Stored data entries:
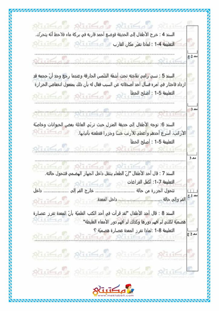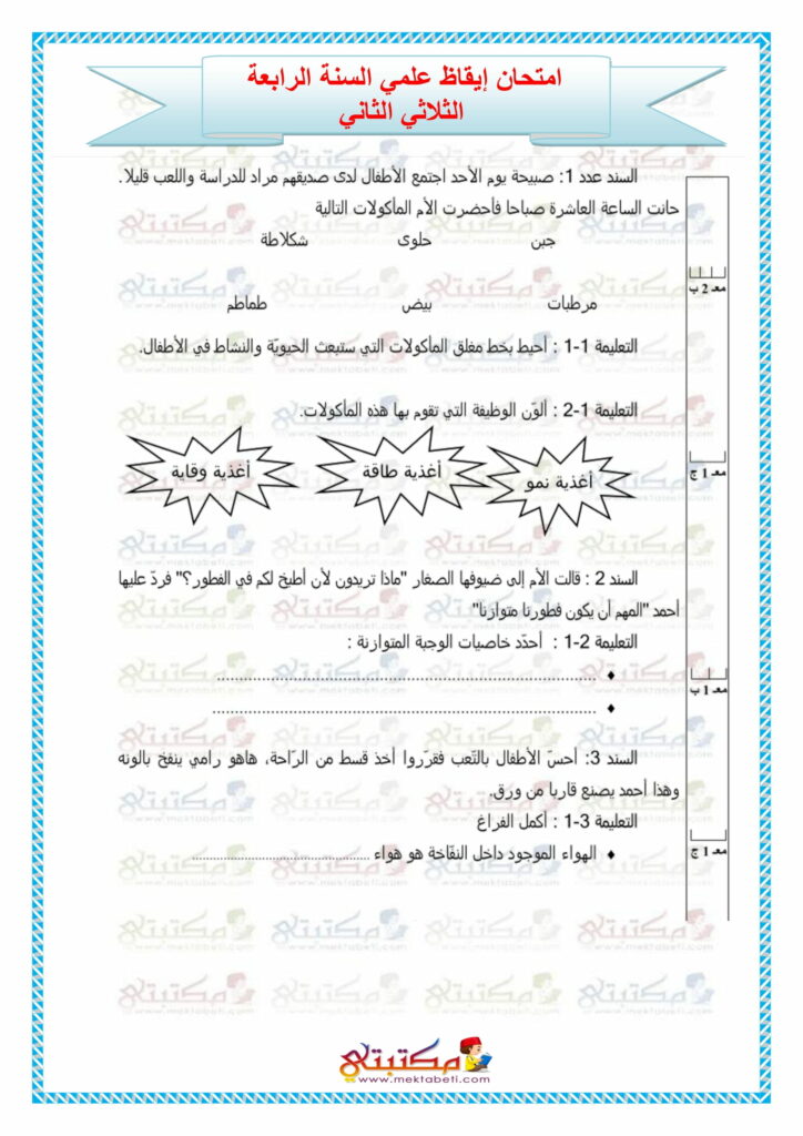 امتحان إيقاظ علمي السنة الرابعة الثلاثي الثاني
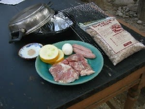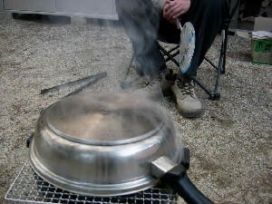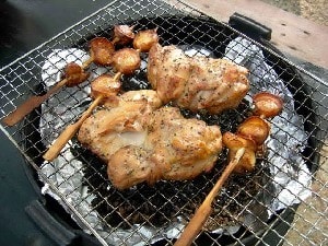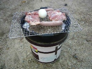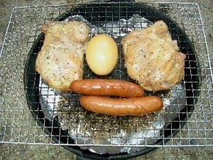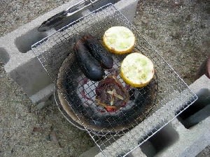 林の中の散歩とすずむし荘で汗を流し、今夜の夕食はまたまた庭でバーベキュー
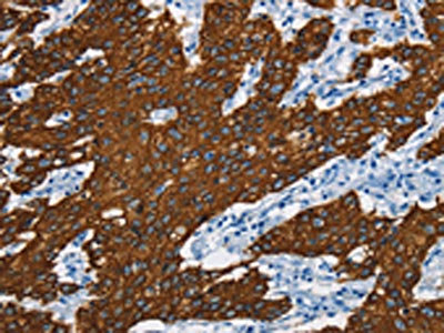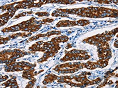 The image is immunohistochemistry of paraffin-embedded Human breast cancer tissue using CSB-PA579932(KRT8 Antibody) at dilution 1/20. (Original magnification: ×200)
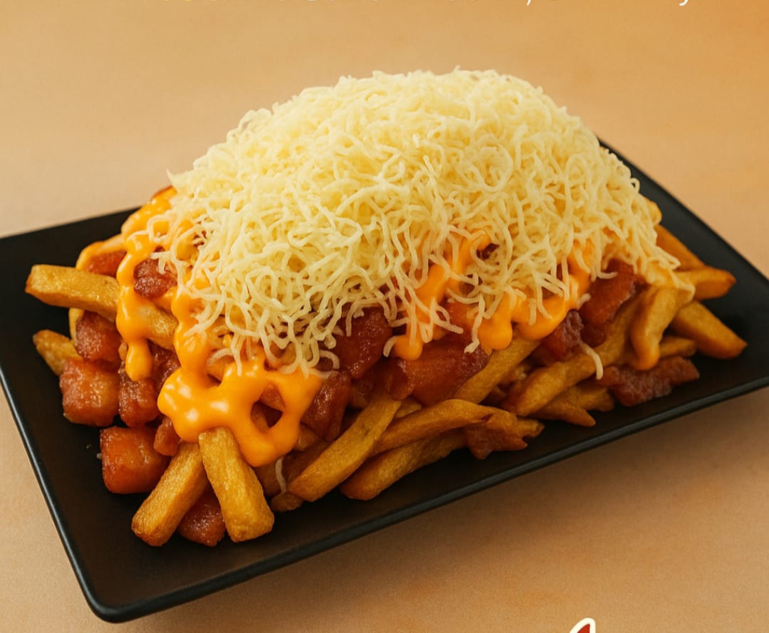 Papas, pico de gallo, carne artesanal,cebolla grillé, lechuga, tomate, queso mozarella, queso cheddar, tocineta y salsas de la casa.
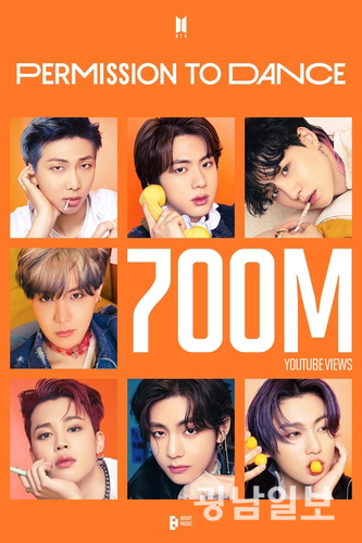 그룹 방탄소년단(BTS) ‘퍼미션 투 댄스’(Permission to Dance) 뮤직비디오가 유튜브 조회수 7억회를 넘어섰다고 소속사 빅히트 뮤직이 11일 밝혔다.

[TRY IT]:
Each record should appear again exactly as it stands, with no picture included.

[SOLUTION]:
 امتحان إيقاظ علمي السنة الرابعة الثلاثي الثاني
 林の中の散歩とすずむし荘で汗を流し、今夜の夕食はまたまた庭でバーベキュー
 The image is immunohistochemistry of paraffin-embedded Human breast cancer tissue using CSB-PA579932(KRT8 Antibody) at dilution 1/20. (Original magnification: ×200)
 Papas, pico de gallo, carne artesanal,cebolla grillé, lechuga, tomate, queso mozarella, queso cheddar, tocineta y salsas de la casa.
 그룹 방탄소년단(BTS) ‘퍼미션 투 댄스’(Permission to Dance) 뮤직비디오가 유튜브 조회수 7억회를 넘어섰다고 소속사 빅히트 뮤직이 11일 밝혔다.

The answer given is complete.